Of course, George H.W. Bush went on to lose the election with the lowest popular support for an incumbent since Herbert Hoover, as Bill Clinton’s centrist campaign reclaimed the allegiance of moderates and the middle class while Ross Perot’s independent candidacy gave disaffected, reform minded Republicans another outlet for their vote.
George W. Bush has been given a rare second chance to redeem his family’s political legacy in the White House, and he has been relentless about applying the lessons of his father’s mistakes. Whereas the religious right never trusted his father, the current President Bush has gone out of his way since day one to make them feel that they have a personal friend in the Oval Office by supporting socially conservative causes. Likewise, tax cutters have seen an abundance of activity on their behalf, without concern for the rising deficits his father fretted so much about. Consequently, the conservative vote has been sewn up without a revolt, and the president is free to conduct the centrist convention his father was denied.
It is in many ways a return to the centrist “compassionate conservative” campaign theme that got him elected in the first place.
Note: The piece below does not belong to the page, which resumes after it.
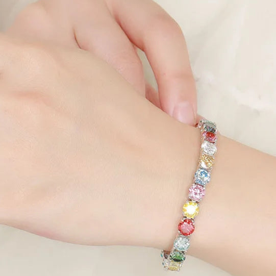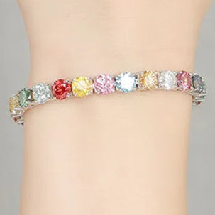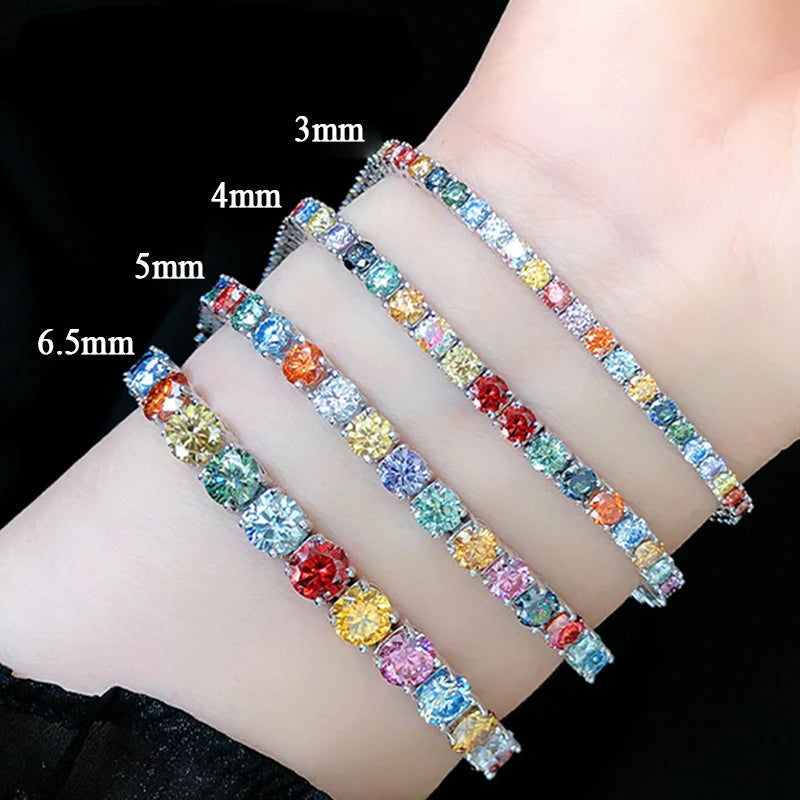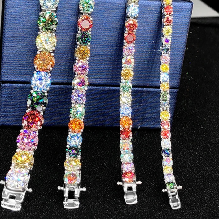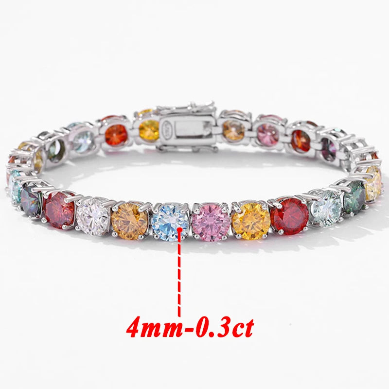 925 ayar gümüşten üretilen ve altın kaplama ile tamamlanan bu tenis bilezik, GRA sertifikalı gökkuşağı moissanite taşlarıyla süslendi. 3 mm, 4 mm, 5 mm veya 6.5 mm seçenekleriyle ~5 g hafifliğiyle zarif ve günlük şıklık için mükemmel.
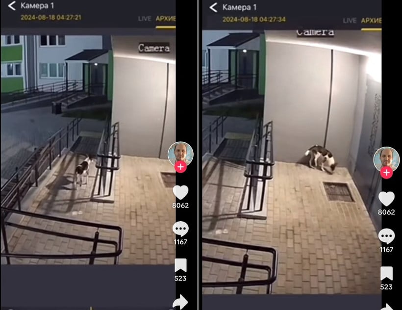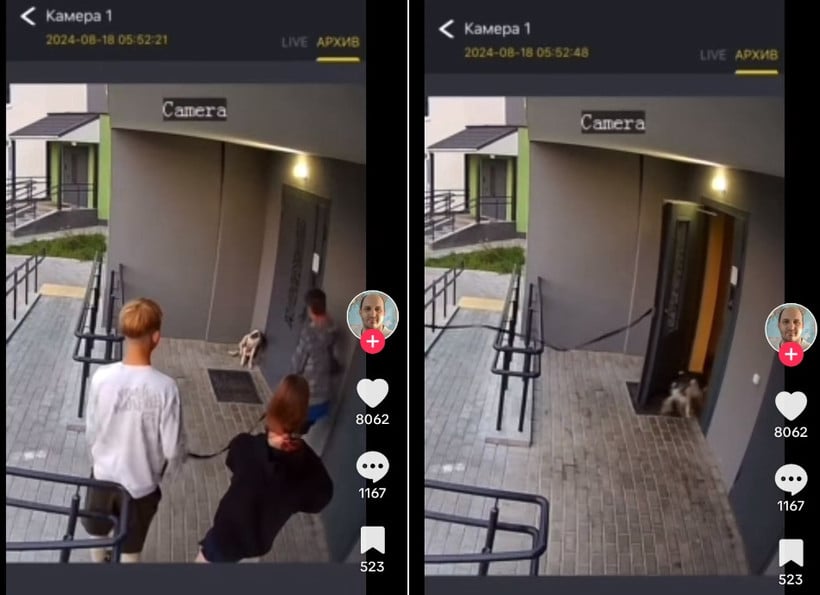 Скриншот с камеры наблюдения, на котором видно, как собаку впускают в подъезд

In 2000, George W. Bush won over a crucial percentage of moderates and independents who had voted for Mr. Clinton in the past. But with a four-year conservative track record in office, Mr. Bush realizes that he is making up for some lost ground, relying on the popularity of Mr. McCain – a frequent foe over the past four years, whose maverick squad of moderate senators denied the administration victories on an imbalanced budget and a constitutional amendment banning gay marriage. Nonetheless, there will be Messrs. McCain and Giuliani speaking to the nation on opening night, occupying the space Mr. Buchanan held 12 years before in Houston. Mr. Schwarzennegger and Bush Democrat Zell Miller will follow on subsequent nights. Even the location, New York City, looks beyond the party’s base and takes the campaign to urban America even as it recalls the first front in the war on terrorism.
Religious-right Republicans realize they have been written out of the script in New York, with some going quietly in return for future spoils, while Mr. Robertson sniffs to the Associated Press, “I’ve had no request from anybody to be there….In the last convention, the thought was to keep all the conservatives out of sight. The general thrust will be to entice the so-called independent moderates.” Exactly.